Lung metastases are classified as initial metastases and non-initial metastases according to the sequence of lung metastases and other distal metastases. Initial lung metastasis is defined as lungs being the site of the first distal metastases, regardless of whether it is accompanied by other distal metastases. This includes all synchronous lung metastases and initial metachronous lung metastases (lung metastases that appear during preoperative neoadjuvant therapy or after resection of the primary lesion) and accounts for 74.4% of all lung metastases [2]. These metastases are the primary focus of discussion in this consensus. In contrast, non-initial lung metastases are developed during treatment for other metastatic diseases so they are all metachronous metastases.

Lung metastases can be classified as isolated lung metastases and non-isolated lung metastases depending on whether it is accompanied by extrapulmonary metastases (see Additional file 1).

Among patients with initial lung metastases, 37.7–44.5% have isolated lung metastases, of which only 21.1–32.5% of patients can undergo radical surgery for lung metastases [2, 11]. The remaining patients with isolated lung metastases have no opportunity to undergo radical treatment. For this population, there is a great uncertainty on the selection of systemic therapy, whether other local treatments of lung metastases can be conducted, and how to manage the primary CRC lesions. Among patients with non-isolated lung metastases, 38.6–55.5% have comorbid liver metastases [2, 11], of which most patients cannot receive radical treatment of all metastatic lesions. Is there survival benefit if local treatment is conducted on the primary lesions and/or liver metastases? This consensus provides recommendations for clinical diagnosis and treatment decisions for the aforementioned problems. In addition, this consensus also discusses some specific problems related to non-initial lung metastases such as the management of lung metastases after resection of liver metastases.

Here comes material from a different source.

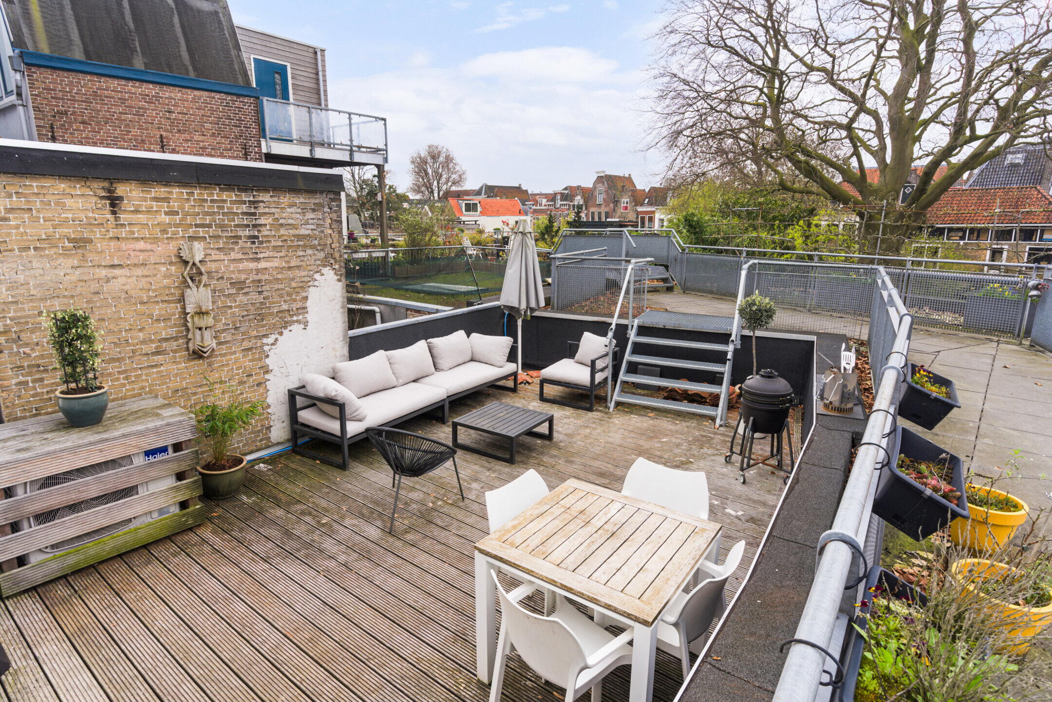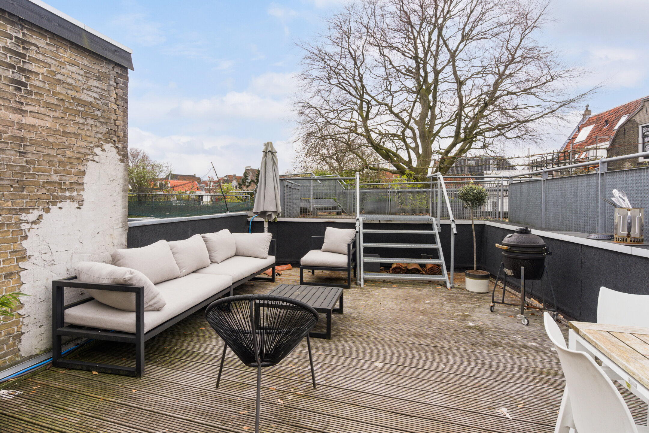 Op deze verdieping bevindt zich het royale dakterras van circa 35 m², gunstig gelegen op het westen en uitgevoerd met fraaie houten vlonderplanken. Hier geniet je vrijwel de hele middag en avond van de zon, terwijl het uitzicht op omliggende bomen zorgt voor een verrassend rustige en groene sfeer midden in de binnenstad.

Diagnosis and differential diagnosis of lung metastases in CRC

Imaging diagnosis

Unless lymphangitic carcinomatosis or extensive pleural metastases occur, CRC patients with lung metastases usually do not show respiratory signs or symptoms. Therefore, it is recommended that high-resolution chest CT scans be used, whereas other imaging methods such as chest X-rays and MRI are not recommended. It is recommended that enhanced chest CT scans be used for the diagnosis of mediastinal or hilar lymph node metastases.

Risk factors supporting lung metastases diagnosis

The risk factors supporting lung metastases diagnosis are age of onset > 70 years, multiple nodules in both lungs, metachronous intrapulmonary nodules, pleural thickening or effusion, rectal cancer (particularly middle or lower rectal cancer), locally advanced CRC (particularly extramural vascular invasion), higher N stages, lymphovascular invasion at the primary lesion, elevated preoperative CEA levels, KRAS mutations in the primary lesion, and presence of liver metastases or other extrapulmonary metastases [3, 4, 12,13,14,15,16,17,18,19,20].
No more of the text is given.